Debian/Ubuntu (amd64, arm64)

# Download and install
wget https://github.com/basekick-labs/arc/releases/download/v26.02.1/arc_26.02.1_amd64.deb
sudo dpkg -i arc_26.02.1_amd64.deb

# Start and enable
sudo systemctl enable arc
sudo systemctl start arc

# Check status
curl http://localhost:8000/health

RHEL/Fedora/Rocky (x86_64, aarch64)

# Download and install
wget https://github.com/basekick-labs/arc/releases/download/v26.02.1/arc-26.02.1-1.x86_64.rpm
sudo rpm -i arc-26.02.1-1.x86_64.rpm

# Start and enable
sudo systemctl enable arc
sudo systemctl start arc

Kubernetes (Helm)

helm install arc https://github.com/basekick-labs/arc/releases/download/v26.02.1/arc-26.02.1.tgz

New Features

InfluxDB Client Compatibility

Arc's Line Protocol endpoints now use the same paths as InfluxDB, enabling drop-in compatibility with all official InfluxDB client libraries (Go, Python, JavaScript, Java, C#, PHP, Ruby, Telegraf, Node-RED).
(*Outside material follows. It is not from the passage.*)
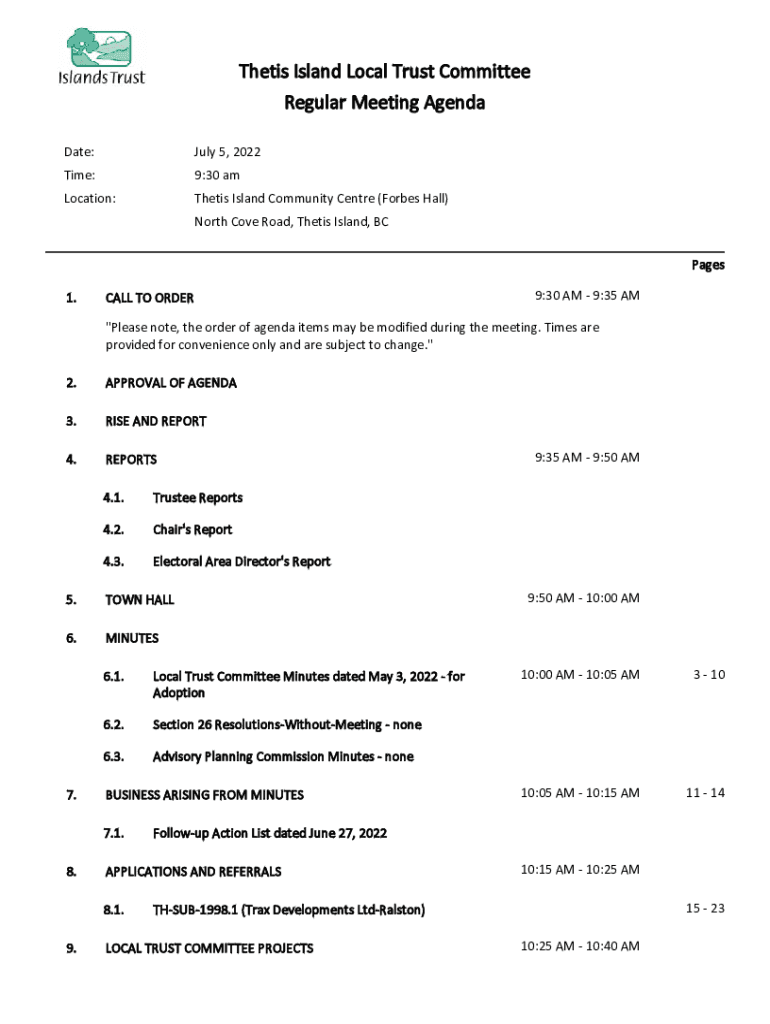 Thesis Island Local Trust Committee Regular Meeting Agenda Date:July 5, 2022Time:9:30 allocation:Thesis Island Community Center (Forbes Hall) North Cove Road, Thesis Island, BC Pages1.CALL TO ORDER9:30

Point your existing InfluxDB clients at Arc - no code changes required.

MQTT Ingestion Support

Native MQTT subscription for IoT and edge data ingestion. Subscribe to MQTT topics with wildcard support, dynamic subscription management via REST API, TLS/SSL connections, auto-reconnect, and per-subscription monitoring. Passwords encrypted at rest, subscriptions auto-start on server restart.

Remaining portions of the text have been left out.